私は、「言語一般についてのその意味論的規則とは何か?」とか「言語Lの意味論的規則は何か?」という問いに答えることができないということには同意します。従って、クワインが言う意味での「分析的に真」の定義ができないことには同意します。しかし、それらの問いに答えられなくても、ある種の問いには、意味論的規則だけによって、答えており、他の種の問いには、意味的規則だけで答えているのではなく、知覚や記憶や伝聞などにも基づいて答えているのですが、そのときでも意味論的規則に従っている、というように問答関係を分析的なものと綜合的なものに区別できると考えます。

言明ではなく、問答を単位とすることによって、言語的要素と事実的要素を分けられることを論証しなければなりません。

35 問答の四つのケースの再検討 (20210909)

[カテゴリー:『問答の言語哲学』をめぐって]

前々回と前回の述べた、問答の四つのケースの再検討を行いたいと思います。

#問答のケース1

  「5+7=12は真であるか?」「はい、5+7=12は真です」

この問いの意味論的前提の一つは、「「5+7=12」が真であるか、真でないかのどちらかである」ということです。
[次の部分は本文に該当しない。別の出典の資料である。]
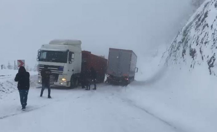 Artvin’de etkili olan kar yağışı sonrası ağır tonajlı araçların yolda kalması nedeniyle Artvin-Ardahan karayolunda aksamalar yaşandı.
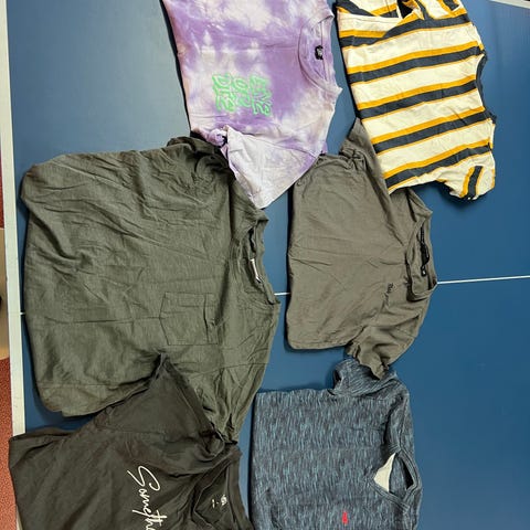 Plaggen är i fint skick, men det finns ett litet hål under ärmen på den gråa t-shirten

これは、「「5+7=12」が自然数論の公理から導出できるか、できないかのどちらかである」と言い換えられます。ところで、この問いを理解することは、「5+7=12」の理解を伴いますが、この式を理解することは、この式を自然数論の公理系の適格な式(wff)として理解することです。したがって、この式を理解する人は、「この式が真であるか、真でないかのどちらかである」という問いの意味論的前提(の一部)を理解しており、さらに、この前提が成り立つことを認めています。このケースは、<問いの理解が、同時に問いの前提の是認となるケース。しかも問いの前提から、論理的推論によって答えを導出できるケース>です。

 他の論理学・数学の問いと答えも、一般的にこの例と同様のケースだと言えます。

#問答のケース2

  「机の上にリンゴがあるかないかのどちらかですか?」

この問いは、「机が存在する」ということを前提しています。

この前提が成り立つことは、知覚に基づくことになります。この前提を是認するならば、問いに対する答えは、問いの分析によって、「はい、机の上にリンゴが有るか無いかのどちらかです」となります。つまり、「アポステリオリで分析的」な問答関係となります。
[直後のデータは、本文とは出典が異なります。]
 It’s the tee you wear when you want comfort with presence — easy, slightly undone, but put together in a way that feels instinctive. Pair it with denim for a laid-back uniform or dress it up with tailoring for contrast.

 ちなみに次の問答関係は、ケース1とおなじく「アプリオリで分析的」です。

  「もし机があるなら、その机の上にはリンゴが有るか無いかのどちらかである」

この問いの前提は、何でしょうか。それはp∨¬p、論理規則や意味論的規則です。そしてこれらは、問いの理解を前提するならば、その前提から帰結します。

#問答のケース3

  「机の上にリンゴがありますか?」「はい、机の上にリンゴがあります」

この問いを理解するということは、(他の問いの場合と同様に)この問いの上流問答推論や下流問答推論の正しさを判別できるということです。問いの理解は、言語の理解を必要としますが、他にも世界について理解を前提するだろうとおもいます。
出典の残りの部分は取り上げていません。